Top Abstract Introduction Materials and Methods Results Discussion References

 
A SMALL PEPTIDE hormone arginine vasopressin (vasopressin), also known as antidiuretic hormone, is secreted from the neurohypophysis and plays a pivotal role in osmoregulation and water metabolism (1). Deficient vasopressin secretion results in central diabetes insipidus (CDI) with marked polyuria at an amount of more than 10 liters/d. Gene therapy with sustained expression of vasopressin may achieve long-term remission of this disease and can be used instead of the daily repeated replacement of vasopressin analog.

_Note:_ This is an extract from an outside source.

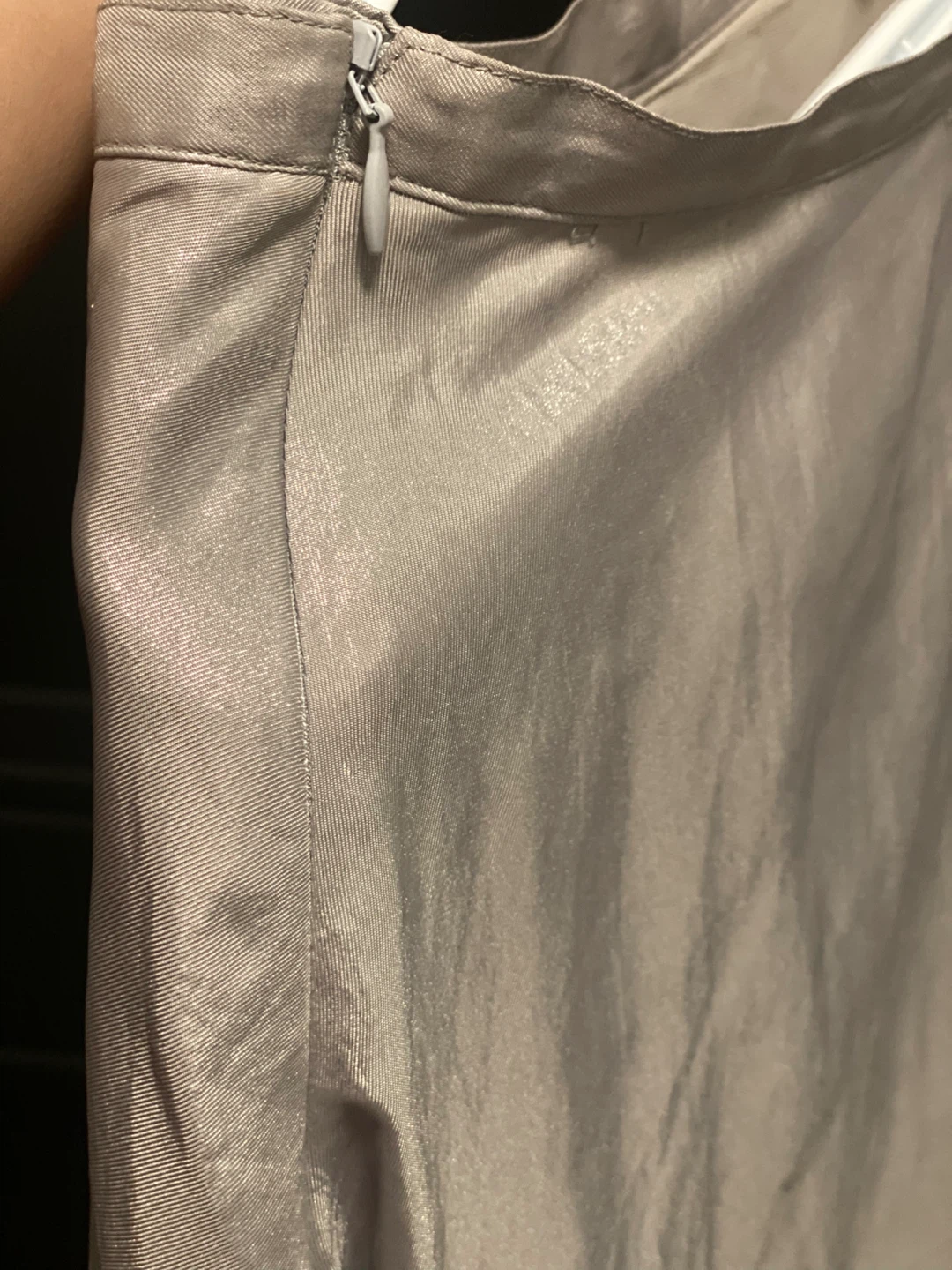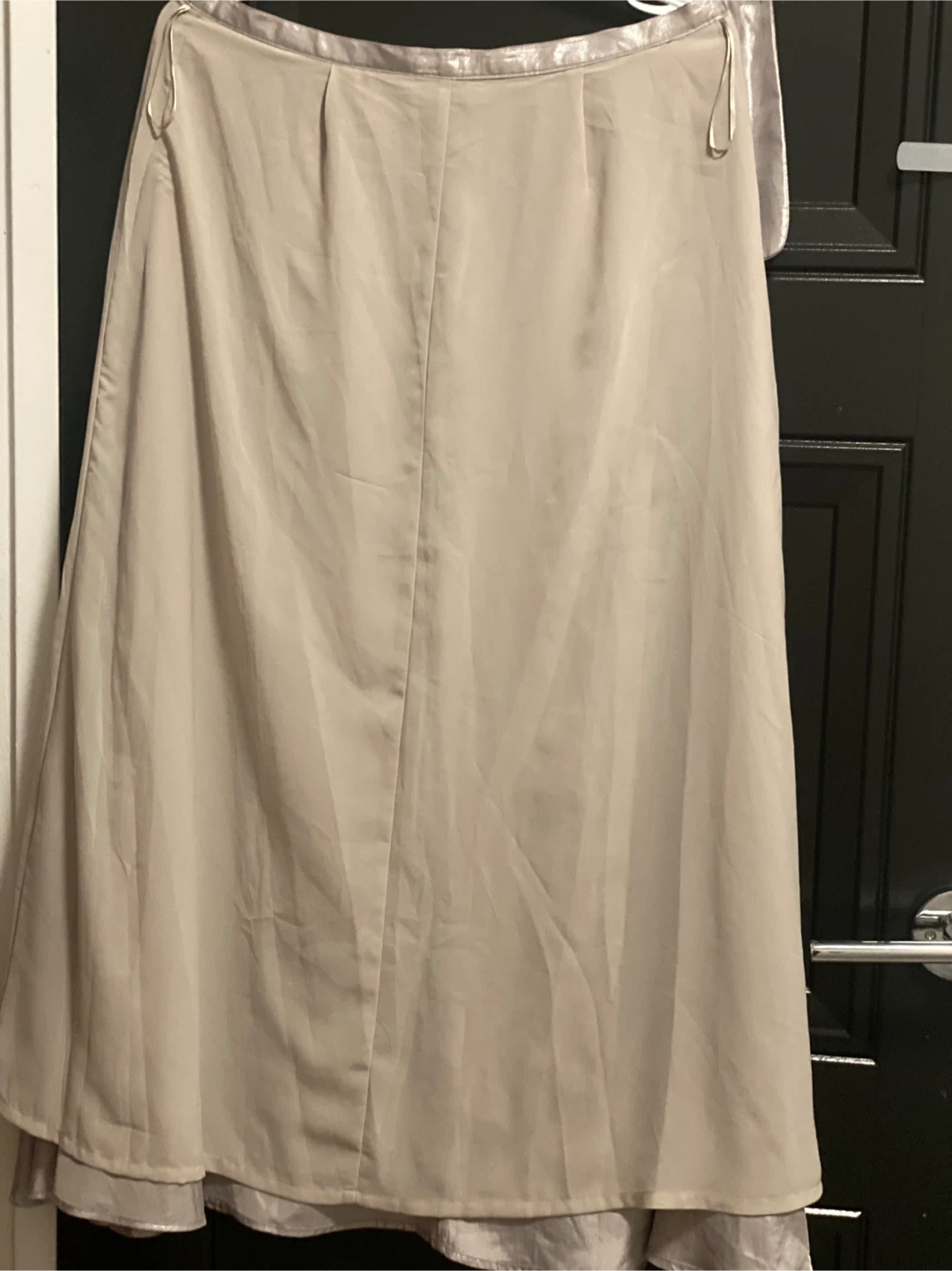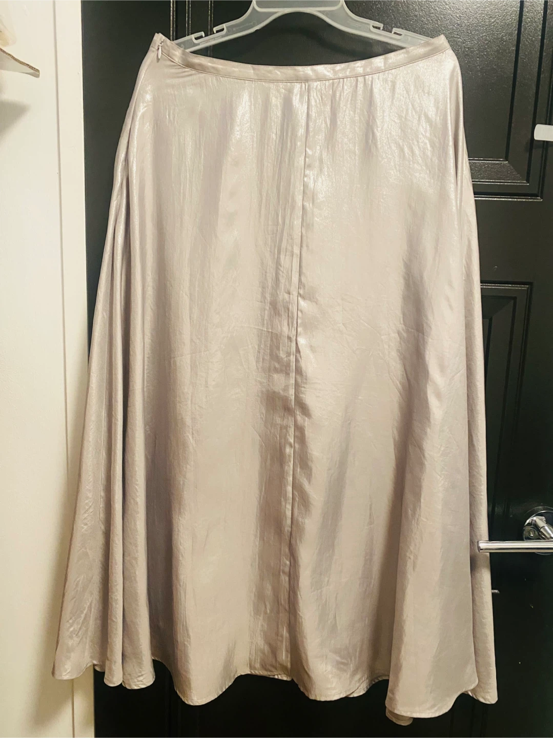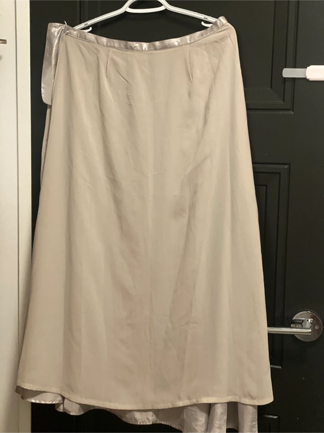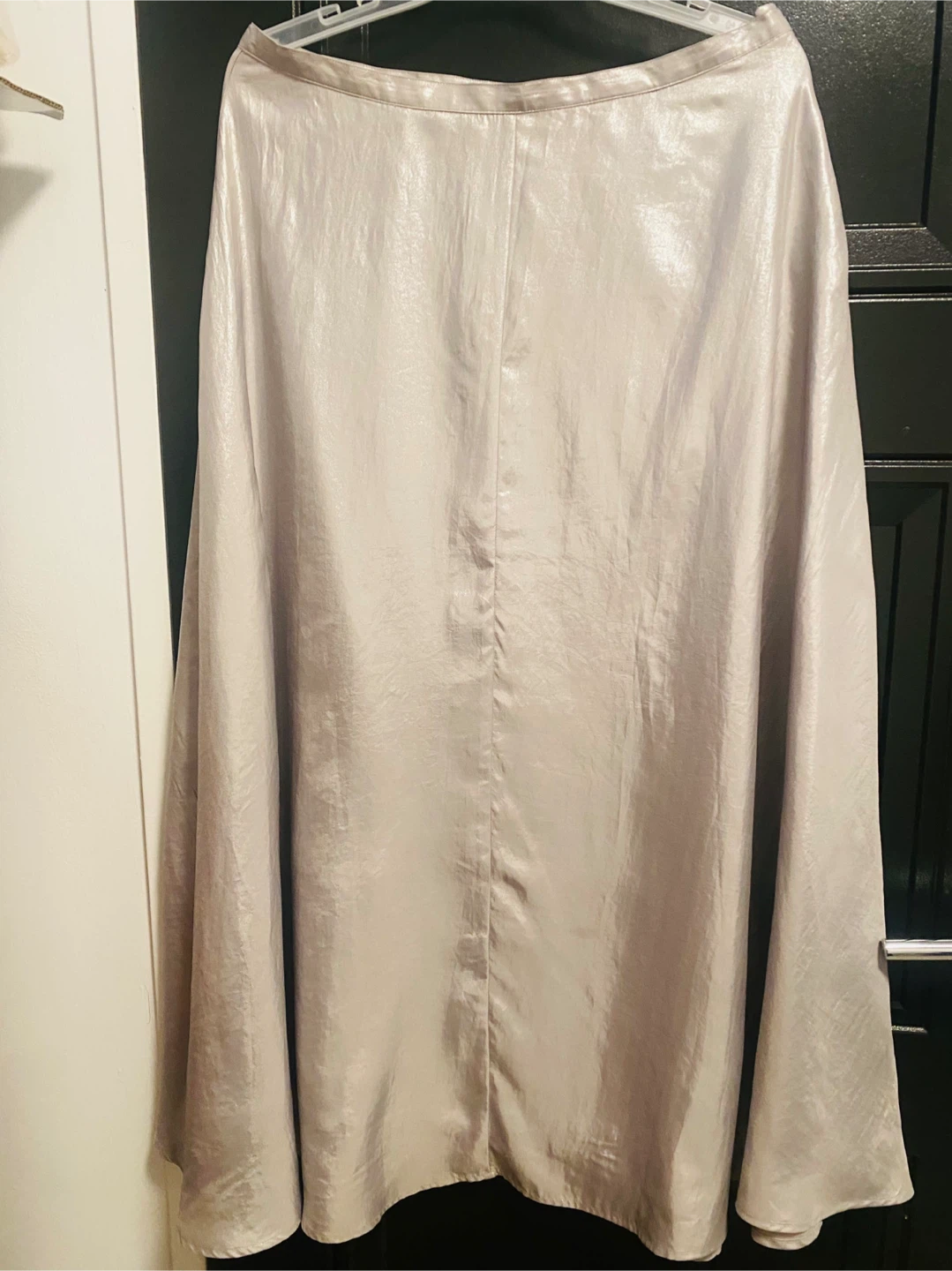 Add some shimmer to your wardrobe with this beautiful, pre-owned silver skirt. This skirt features a flowing A-line shape and a subtle metallic sheen, making it perfect for evening events or adding a touch of glamour to your everyday look. It's in good condition.

In contrast to GH or other protein deficiencies (2, 3, 4, 5), there are very few reports on gene therapy for CDI. Geddes et al. (6, 7) carried out a pioneering work, showing that the direct injection of adenovirus encoding vasopressin cDNA into the supraoptic nuclei of the hypothalamus of Brattleboro rats, an animal model of hereditary CDI, improved polyuria. This strategy, however, cannot be applicable clinically, because, unlike the Brattleboro rat in which vasopressin-secreting neurons are exceptionally preserved (8, 9), the homologous neurons are lost or degenerated in patients with CDI (10, 11). In addition, the induction of viral vectors into the human central nervous system does not appear safe or practical. Our aim of this work is to obtain bioactive vasopressin from nonneuronal tissues using a simpler and more feasible approach. When the vasopressin gene is to be introduced into heterologous cells, on the other hand, we face another obstacle, namely, that the processing of vasopressin peptide is deficient in nonendocrine cells. Like many other neuropeptide hormones, the bioactive nonapeptide form of vasopressin is generated from a large precursor, provasopressin, at the paired basic amino acid residues (-¹¹Lys-¹²Arg-) by specific endopeptidase, such as prohormone convertase (PC) 1/3 or PC2, yielding neurophysin II which is a vasopressin-binding protein, and glycoprotein (12, 13, 14, 15) (Fig. 1A). Indeed, the vasopressin precursor protein expressed in nonendocrine cells is not appropriately processed (16), probably because of the lack of a processing enzyme(s).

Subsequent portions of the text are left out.